Merah Putih dari Pollycarpus

Kabar dari Mahkamah Agung pada Jumat, 25 Januari 2008 sore itu seperti sebuah amunisi baru. Peninjauan Kembali (PK) atas kasus Munir dikabulkan. Bagi Pollycarpus Budihari Priyanto hal itu berarti 20 tahun dibalik jeruji besi.

Bagaikan bola yang bergulir cepat, Polly merasa hidupnya dalam akrobat hukum. Pengacaranya Mohammad Assegaf mencari-cari lagi saksi untuk mengembalikan fakta klienya tidak bersalah. Dari Jalan Borobudur, Kantor Kontras, Komite Aksi Solidaritas Untuk Munir (KASUM) berteriak tangkap eks Deputi V BIN Muchdi PR. Pria yang dianggap sebagai mata rantai selanjutnya dalam konspirasi besar ini.

Toh pertanyaan yang disablon dalam ratusan kaus hitam dan poster para aktivis pro demokrasi itu belum terjawab tuntas: Kenapa dia dibungkam? Namun dalam berbagai gelombang aksi, ulasan media dan komentar para pakar, pertanyaannya menjadi: Siapa pembungkamnya?

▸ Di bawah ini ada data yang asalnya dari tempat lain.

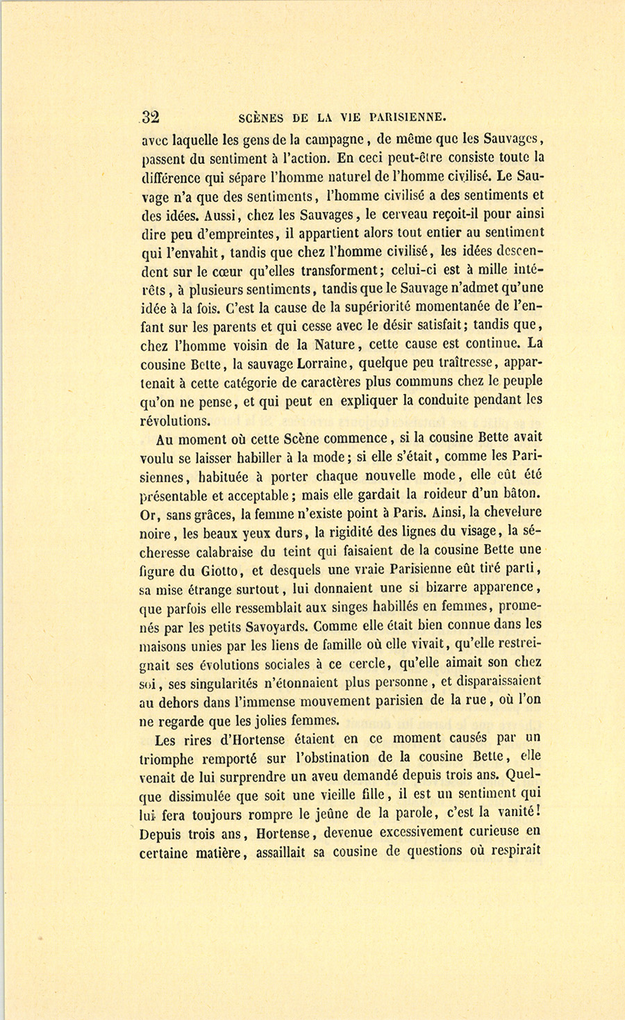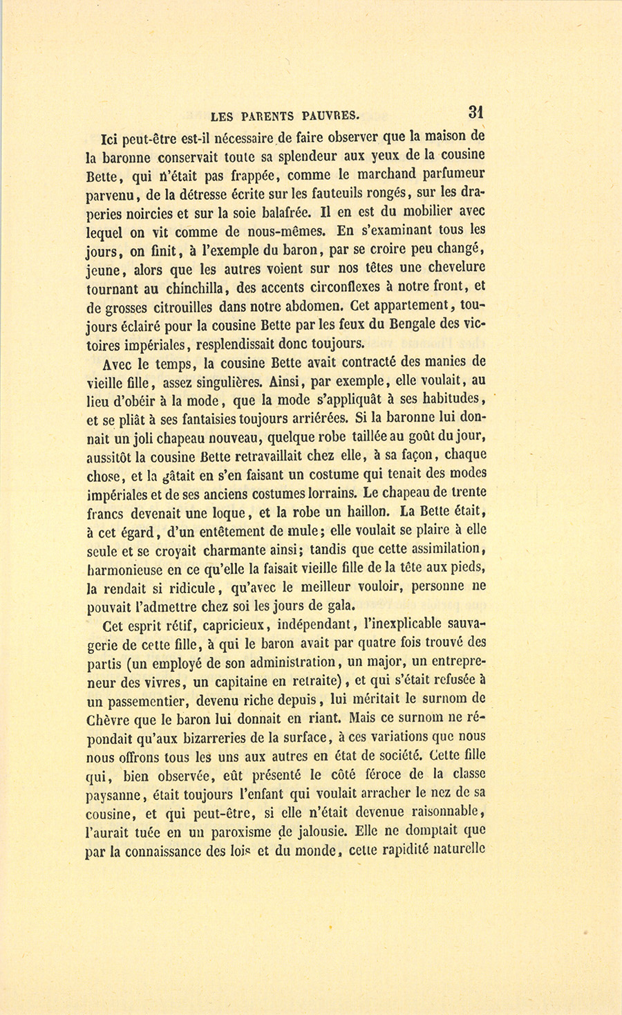 Cette vieille fille portait une robe de mérinos, couleur raisin de Corinthe, dont la coupe et les lisérés dataient de la Restauration, une collerette brodée qui pouvait valoir trois francs, un chapeau de paille cousue à coques de satin bleu bordées de paille comme on en voit aux revendeuses de la halle. À l’aspect de souliers en peau de chèvre dont la façon annonçait un cordonnier du dernier ordre, un étranger aurait hésité à saluer la cousine Bette comme une parente de la maison, car elle ressemblait tout à fait à une couturière en journée. Néanmoins la vieille fille ne sortit pas sans faire un petit salut affectueux à monsieur Crevel, auquel ce personnage répondit par un signe d’intelligence.

Opini dalam masyarakat sudah terbentuk lugas, Munir dibungkam karena dinilai terlalu vokal, lalu semua jari seolah menunjuk pada satu institusi, Badan Intelejen Negara (BIN). BIN-lah yang dituding masih melakukan praktek primitif dalam geliat demokrasi yang tidak tertahankan. Praktek yang mengatasnamakan menjaga stabilitas dan keamanan nasional.

Namun tudingan tidak punya makna apa-apa tanpa bukti. Bola kini kembali berada di tangan Polri untuk menyusun keping puzzle selanjutnya. Akankah Polly berbicara, apa yang dia tahu, apa yang dia simpan dalam hati, apakah memang ada sang dalang, apakah ada 'tugas negara' itu.

Polly tidak banyak bicara, hanya bendera merah putih yang dia kibarkan saat petugas membawanya ke mobil tahanan. Bendera yang menjadi simbol nasionalisme, sikap bela negara dan patriot sejati. Petunjuk apakah yang hendak engkau sampaikan, Bung?